Citation: Weather and Forecasting 33, 5; 10.1175/WAF-D-18-0025.1
3. Objective verification and case examples
In addition to the subjective analysis performed on cases in Table 2, four cases were chosen for more rigorous objective testing. We selected these cases to test TRENDSS’s performance across a diverse range of regions, convective regimes, and cell modes to collect insight regarding the algorithm’s ability to predict convective trends on warning/nowcast time scales. Subsequently, this insight can mold best practices for potential operational implementation within the National Weather Service and other members of the weather enterprise.
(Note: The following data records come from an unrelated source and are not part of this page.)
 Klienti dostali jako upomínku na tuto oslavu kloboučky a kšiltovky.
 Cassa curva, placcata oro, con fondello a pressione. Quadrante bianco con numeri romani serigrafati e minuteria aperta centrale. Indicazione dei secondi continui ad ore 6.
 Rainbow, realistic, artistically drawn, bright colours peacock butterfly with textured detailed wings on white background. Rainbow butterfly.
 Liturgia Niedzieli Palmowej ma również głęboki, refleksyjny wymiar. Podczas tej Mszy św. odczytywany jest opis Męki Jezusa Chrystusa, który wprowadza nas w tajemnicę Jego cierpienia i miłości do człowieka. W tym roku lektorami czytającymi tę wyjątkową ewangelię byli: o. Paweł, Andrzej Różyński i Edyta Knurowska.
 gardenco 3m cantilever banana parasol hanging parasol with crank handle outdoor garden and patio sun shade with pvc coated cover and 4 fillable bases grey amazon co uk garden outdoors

We chose the 23 May 2015 southern Great Plains case for its large areal coverage and diverse convective modes. Additionally, the regime was considerably more tropical in nature than is typical for the region, with the 0000 UTC 24 May 2015 Norman, Oklahoma, sounding sampling 44.48 mm of precipitable water. According to SPC sounding climatology (Rogers et al. 2014), this value is the record maximum for the date. The 23 June 2015 Mid-Atlantic case was selected to test a high-impact convective system along the East Coast (NOAA/NCEI 2015), while the 8 August 2015 High Plains case was chosen for both its diversity in convective modes and its aviation implications—a Delta Air Lines flight encountered a rapidly developing updraft over Nebraska and experienced significant hail damage, necessitating an emergency landing in Denver (NTSB 2015). Last, the 8 September 2015 California case was chosen for its unique geographic region and terrain influence.
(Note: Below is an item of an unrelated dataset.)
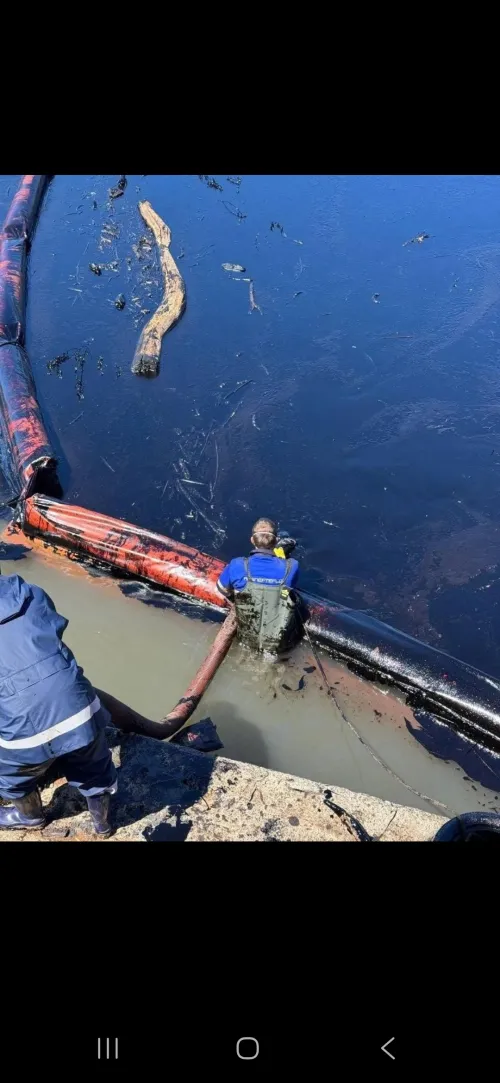 Вдоль берега реки Туапсе на фоне пожара на НПЗ и утечки нефтепродуктов выставлен дополнительный рубеж боновых заграждений. Работа идет круглосуточно, ситуация под полным контролем.

For each case, we used the closest hourly 13-km RAP analysis grid to calculate the mean wind field across the cloud-layer depth by averaging the U and V components at all available levels between the lifted condensation level (LCL) and equilibrium level (EL; Fig. 7a). At each 2-min time interval, three sets of TRENDSS objects were identified by region growing (Jain 1989) contiguous areas starting from a seed grid cell with a minimum TRENDSS value of 1, 2, or 3σ (Fig. 7b). A 10-min forecast plume polygon was created by advecting the TRENDSS object downstream along the mean wind direction vector (Fig. 7c). The Multi-Radar Multi-Sensor (MRMS; Smith et al. 2016) reflectivity at lowest altitude (RALA) product was used to define thunderstorm intensity. It is defined as the closest reflectivity value to Earth’s surface that is not terrain blocked and is used by forecasters to diagnose precipitation intensity near the ground. RALA values at t = 0 min were collected to quantify the initial state of each plume (Fig. 7d). The final state of each plume was determined by spatially accumulating the maximum RALA measured in each grid cell over the next 10 min (Fig. 7e). By comparing these two states, we can quantify the relationship between TRENDSS objects exceeding certain σ thresholds and patterns in convective development.
An automated workflow to verify the TRENDSS algorithm. The (a) mean wind field over the cloud-layer depth and (b) TRENDSS objects exceeding 1, 2, or 3σ (shown here) are used to create 10-min polygons of forecasted storm location. A comparison of the (d) RALA values at t = 0 min to the (e) spatially accumulated RALA values at t = 10 min allows for an evaluation of the effectiveness of different TRENDSS sigma levels at nowcasting downstream convective maintenance and intensity.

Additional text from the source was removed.